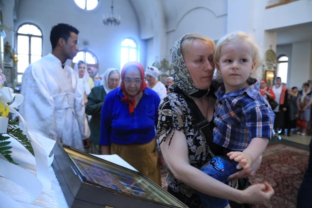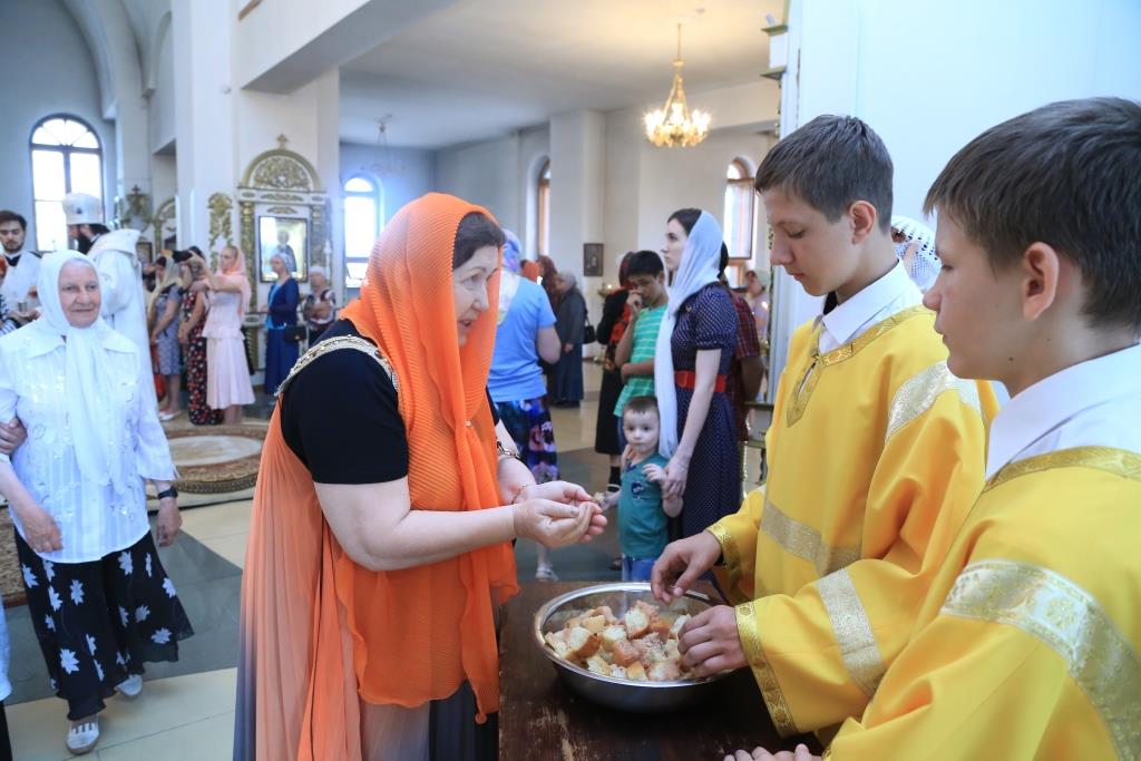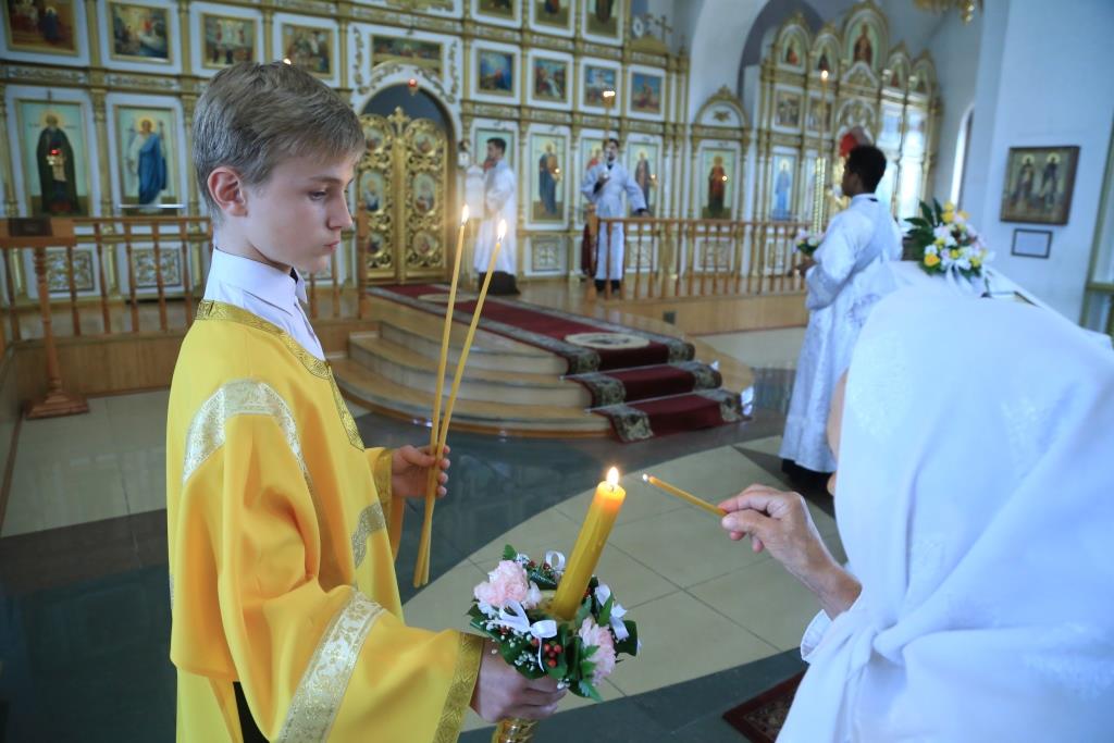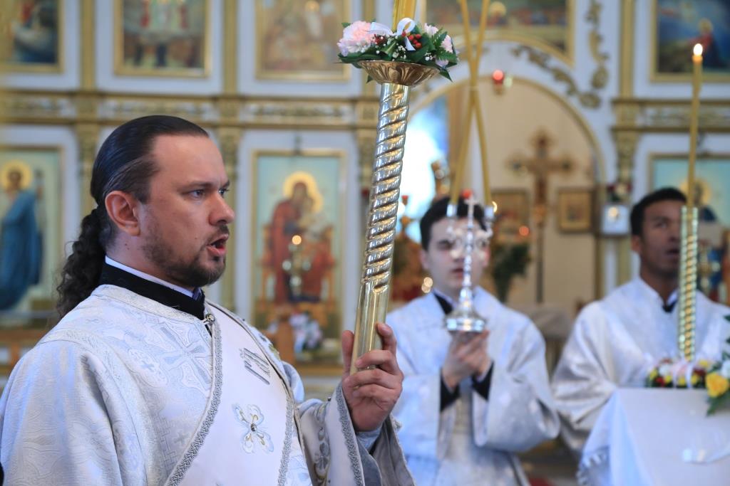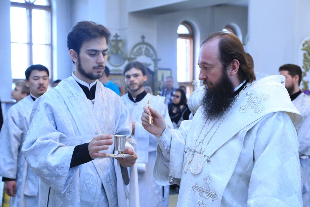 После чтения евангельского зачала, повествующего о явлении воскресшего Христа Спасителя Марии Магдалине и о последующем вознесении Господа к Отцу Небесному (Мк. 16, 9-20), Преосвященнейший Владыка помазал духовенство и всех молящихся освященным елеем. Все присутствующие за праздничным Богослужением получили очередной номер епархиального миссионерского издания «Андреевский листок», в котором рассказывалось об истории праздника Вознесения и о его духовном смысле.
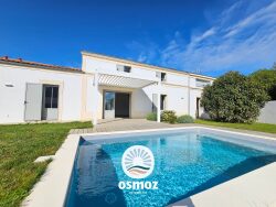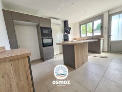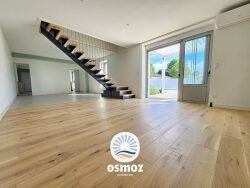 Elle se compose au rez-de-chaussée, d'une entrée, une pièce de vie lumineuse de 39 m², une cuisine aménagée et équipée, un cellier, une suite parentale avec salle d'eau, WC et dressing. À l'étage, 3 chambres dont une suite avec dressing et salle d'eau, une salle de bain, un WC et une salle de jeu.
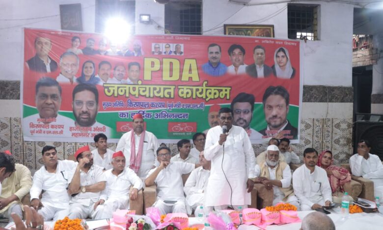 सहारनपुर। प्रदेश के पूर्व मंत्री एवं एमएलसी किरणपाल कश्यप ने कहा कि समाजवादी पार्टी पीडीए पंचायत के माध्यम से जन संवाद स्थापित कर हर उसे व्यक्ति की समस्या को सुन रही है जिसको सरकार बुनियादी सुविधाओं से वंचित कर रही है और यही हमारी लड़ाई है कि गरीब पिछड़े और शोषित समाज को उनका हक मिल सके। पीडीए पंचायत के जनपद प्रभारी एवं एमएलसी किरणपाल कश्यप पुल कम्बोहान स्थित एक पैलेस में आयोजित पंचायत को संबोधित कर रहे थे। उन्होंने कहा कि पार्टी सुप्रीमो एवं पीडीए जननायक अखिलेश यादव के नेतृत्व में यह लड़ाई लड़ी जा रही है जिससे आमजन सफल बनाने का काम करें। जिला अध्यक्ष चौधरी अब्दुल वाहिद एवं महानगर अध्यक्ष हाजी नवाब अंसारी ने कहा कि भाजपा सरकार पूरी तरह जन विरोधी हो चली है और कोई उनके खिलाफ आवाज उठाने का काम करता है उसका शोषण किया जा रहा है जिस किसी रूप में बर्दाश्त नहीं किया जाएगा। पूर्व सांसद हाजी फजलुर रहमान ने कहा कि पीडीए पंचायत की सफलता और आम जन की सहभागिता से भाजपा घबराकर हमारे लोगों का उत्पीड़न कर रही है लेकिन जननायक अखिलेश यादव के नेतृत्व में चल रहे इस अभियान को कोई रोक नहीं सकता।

WORK REQUEST: Pictures are to be excluded; all other material must be transcribed exactly.

FINISHED EXERCISE:
 После чтения евангельского зачала, повествующего о явлении воскресшего Христа Спасителя Марии Магдалине и о последующем вознесении Господа к Отцу Небесному (Мк. 16, 9-20), Преосвященнейший Владыка помазал духовенство и всех молящихся освященным елеем. Все присутствующие за праздничным Богослужением получили очередной номер епархиального миссионерского издания «Андреевский листок», в котором рассказывалось об истории праздника Вознесения и о его духовном смысле.
 Elle se compose au rez-de-chaussée, d'une entrée, une pièce de vie lumineuse de 39 m², une cuisine aménagée et équipée, un cellier, une suite parentale avec salle d'eau, WC et dressing. À l'étage, 3 chambres dont une suite avec dressing et salle d'eau, une salle de bain, un WC et une salle de jeu.
 सहारनपुर। प्रदेश के पूर्व मंत्री एवं एमएलसी किरणपाल कश्यप ने कहा कि समाजवादी पार्टी पीडीए पंचायत के माध्यम से जन संवाद स्थापित कर हर उसे व्यक्ति की समस्या को सुन रही है जिसको सरकार बुनियादी सुविधाओं से वंचित कर रही है और यही हमारी लड़ाई है कि गरीब पिछड़े और शोषित समाज को उनका हक मिल सके। पीडीए पंचायत के जनपद प्रभारी एवं एमएलसी किरणपाल कश्यप पुल कम्बोहान स्थित एक पैलेस में आयोजित पंचायत को संबोधित कर रहे थे। उन्होंने कहा कि पार्टी सुप्रीमो एवं पीडीए जननायक अखिलेश यादव के नेतृत्व में यह लड़ाई लड़ी जा रही है जिससे आमजन सफल बनाने का काम करें। जिला अध्यक्ष चौधरी अब्दुल वाहिद एवं महानगर अध्यक्ष हाजी नवाब अंसारी ने कहा कि भाजपा सरकार पूरी तरह जन विरोधी हो चली है और कोई उनके खिलाफ आवाज उठाने का काम करता है उसका शोषण किया जा रहा है जिस किसी रूप में बर्दाश्त नहीं किया जाएगा। पूर्व सांसद हाजी फजलुर रहमान ने कहा कि पीडीए पंचायत की सफलता और आम जन की सहभागिता से भाजपा घबराकर हमारे लोगों का उत्पीड़न कर रही है लेकिन जननायक अखिलेश यादव के नेतृत्व में चल रहे इस अभियान को कोई रोक नहीं सकता।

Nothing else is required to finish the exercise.